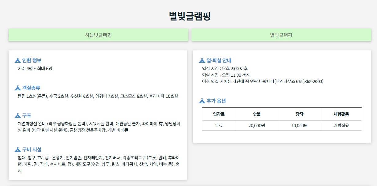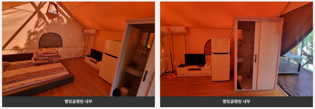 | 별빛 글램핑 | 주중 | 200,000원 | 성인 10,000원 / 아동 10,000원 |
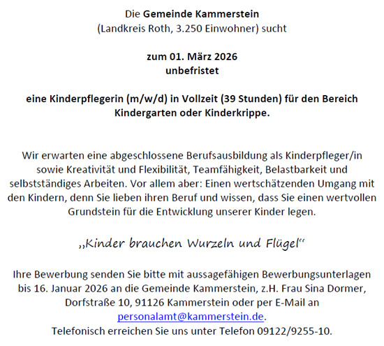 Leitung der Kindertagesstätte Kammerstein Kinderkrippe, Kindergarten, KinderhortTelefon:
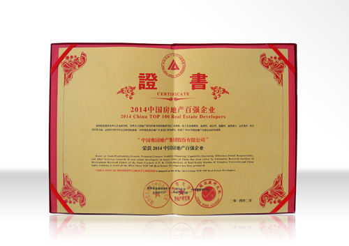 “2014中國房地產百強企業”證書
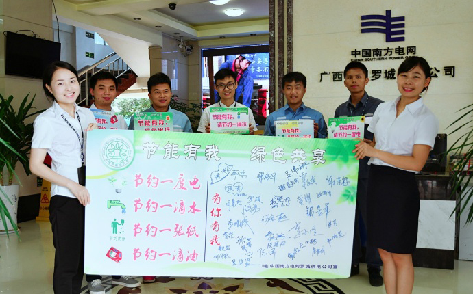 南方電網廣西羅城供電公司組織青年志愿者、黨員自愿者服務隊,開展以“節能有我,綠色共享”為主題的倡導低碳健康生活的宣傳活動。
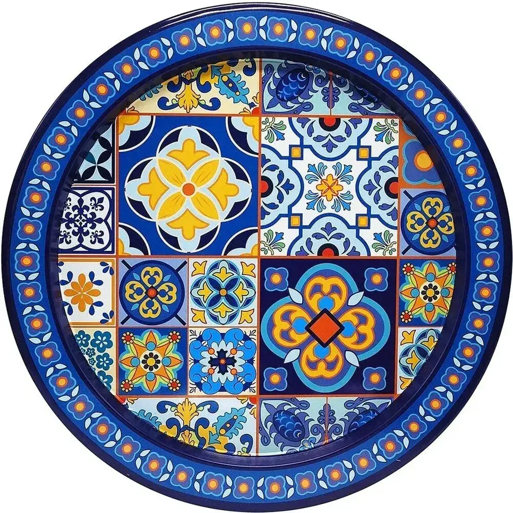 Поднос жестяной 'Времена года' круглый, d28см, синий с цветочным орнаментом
■ ■ ■
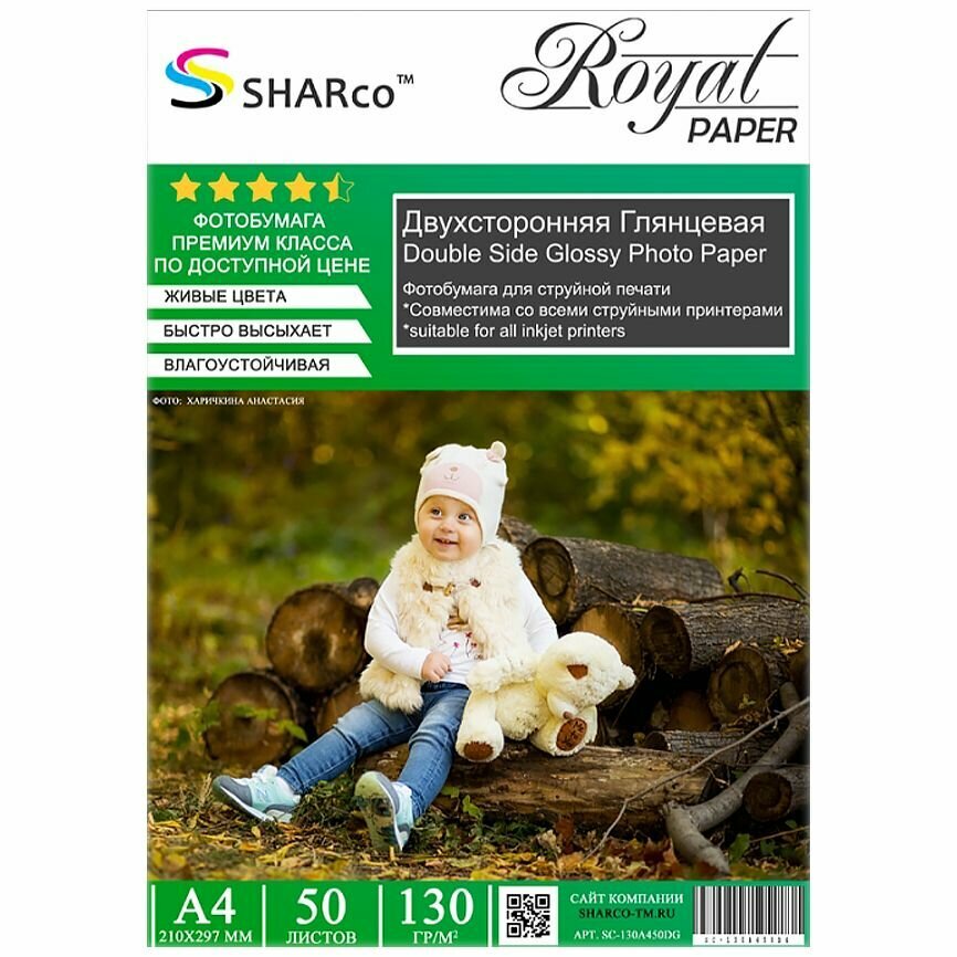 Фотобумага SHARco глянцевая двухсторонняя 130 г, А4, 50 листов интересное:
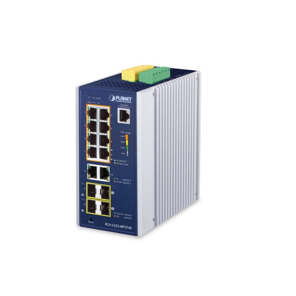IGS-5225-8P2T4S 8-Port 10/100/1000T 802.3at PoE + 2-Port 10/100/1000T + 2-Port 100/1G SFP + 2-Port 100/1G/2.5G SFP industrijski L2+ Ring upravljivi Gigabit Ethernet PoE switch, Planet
■ ■ ■
§ **WHAT YOU NEED TO DO**
An exact copy is needed of the entries above, starting at the line that holds "아동 10,000원 |" and stopping at the line that holds "Поднос жестяной 'Времена", both kept; pictures stay out.

§ **TASK RESULT**
 | 별빛 글램핑 | 주중 | 200,000원 | 성인 10,000원 / 아동 10,000원 |
 Leitung der Kindertagesstätte Kammerstein Kinderkrippe, Kindergarten, KinderhortTelefon:
 “2014中國房地產百強企業”證書
 南方電網廣西羅城供電公司組織青年志愿者、黨員自愿者服務隊,開展以“節能有我,綠色共享”為主題的倡導低碳健康生活的宣傳活動。
 Поднос жестяной 'Времена года' круглый, d28см, синий с цветочным орнаментом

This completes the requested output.